別に子供だけが鼻水をすすっているわけではありませんが、
特に子供は鼻をかむのが面倒で、習慣的に鼻すすりをしていることがよくあります。
たまに鼻水をすする程度なら大丈夫ですが、
毎日のように鼻水すすりをするのは問題です。
鼻水には細菌やウイルスを外に洗い流すという役目があります。
鼻水すすりをすると、せっかく鼻水がからめとってくれた
細菌やウイルスが喉の奥に流れてしまい、喉が炎症することがあります。
また、鼻水すすりは急性中耳炎や浸出性中耳炎の原因にもなります。
鼻水をすするとどうして子供に中耳炎が起こりやすいのでしょうか?
鼻の奥は中耳(鼓膜の内側)とつながっています。
鼻の奥と咽との境から、中耳までつながる通気口を耳管(じかん)といいます。
鼻水をすすると、その度に中耳内の圧力が陰圧になり、
細菌やウイルスが鼻の奥から中耳に侵入しやすくなります。
子供に起こりやすい理由は、まずアデノイドとういう扁桃組織が大人よりも大きく
これが耳管をふさぎ耳管の出入り口を圧迫しているためです。
次に子供に副鼻腔炎の多いことです。
これもドロドロした鼻水が耳管の出入り口付近にたまりやすいことが挙げられます。
鼻水が耳管の入り口付近にたまり、中耳腔の空気圧調整や中耳の中の空気の入れ換え
中耳の掃除がうまく出来なくなります。
耳管の出入り口がふさがれることで中耳に粘液がたまってしまいます。
耳管の働きが未熟であることも理由として考えられます。
子供の耳管は太くて短く、耳管の傾斜も緩やかなので
細菌などが侵入しやすくなり注意が必要です。
放っておくと中耳に粘液がたまっているため鼓膜や耳小骨の動きが悪くなり
難聴気味にななります。
授業中、先生の話がよく聞こえず落ち着きが無かったり成績が悪くなったりします。
そしてさらに放っておくと難聴が残ったり、
鼓膜が奥にくっついてしまう癒着性中耳炎などの慢性中耳炎という非常に厄介な中耳炎になってしまうことがあります。
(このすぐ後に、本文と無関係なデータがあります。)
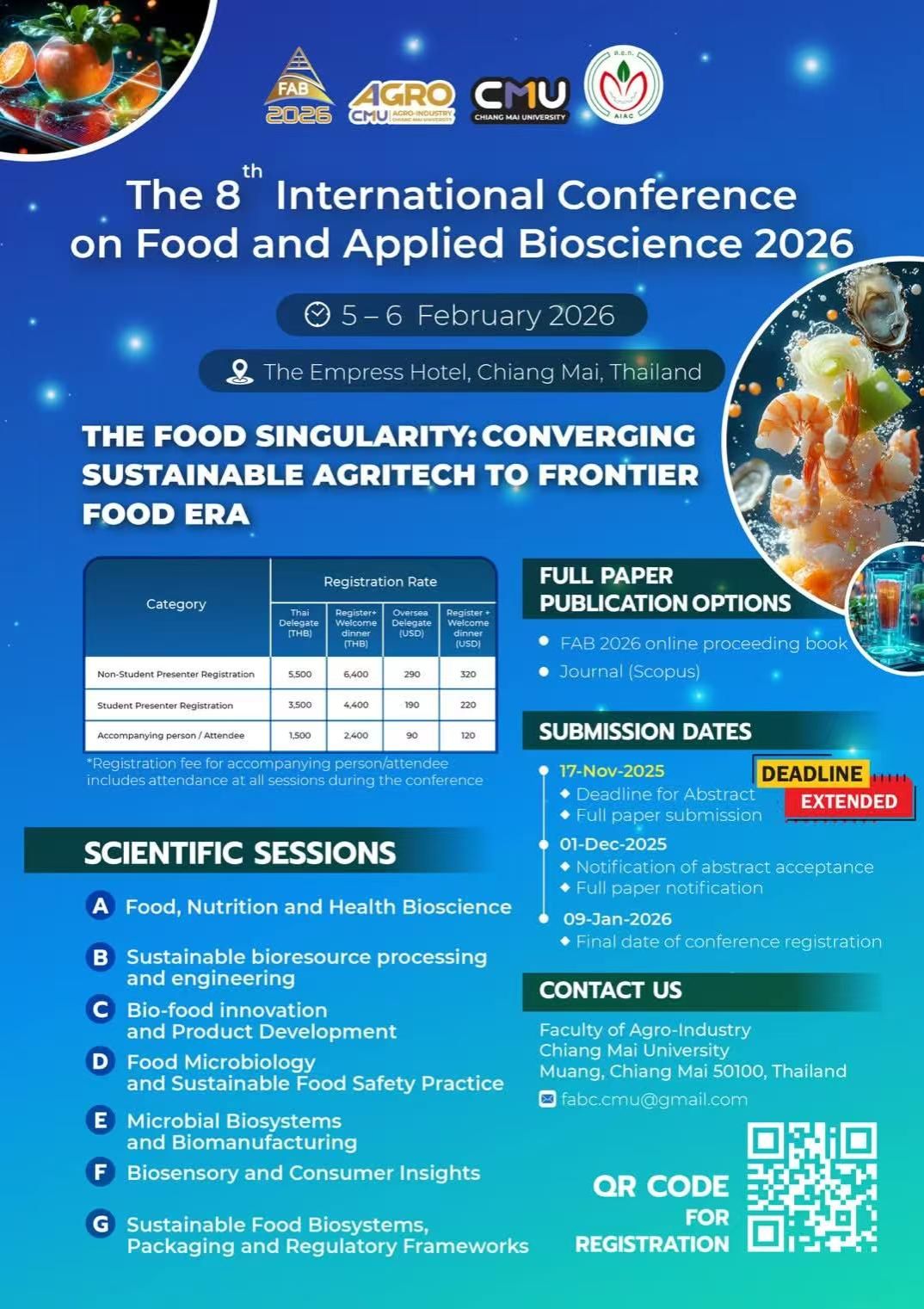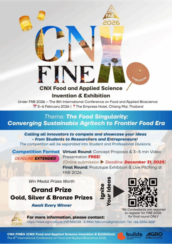 为进一步拓宽学生的国际视野,提升学生综合素质与全球胜任力,我院拟选派一批优秀学生于2026年寒假赴泰国清迈大学交流学习并在交流期间参加由邀请单位举办的第8届食品与应用生物科学国际会议。

たかが鼻水すすりですが、子供の場合は特に気をつけてあげましょう。
無意識ですすっていることが多いので周りの人がこまめに注意してあげてください。
もちろん大人の人にも同じことです。
また鼻水をかむときは耳まで響かないように
片方づつ、ゆっくりとかむように教えてあげてください。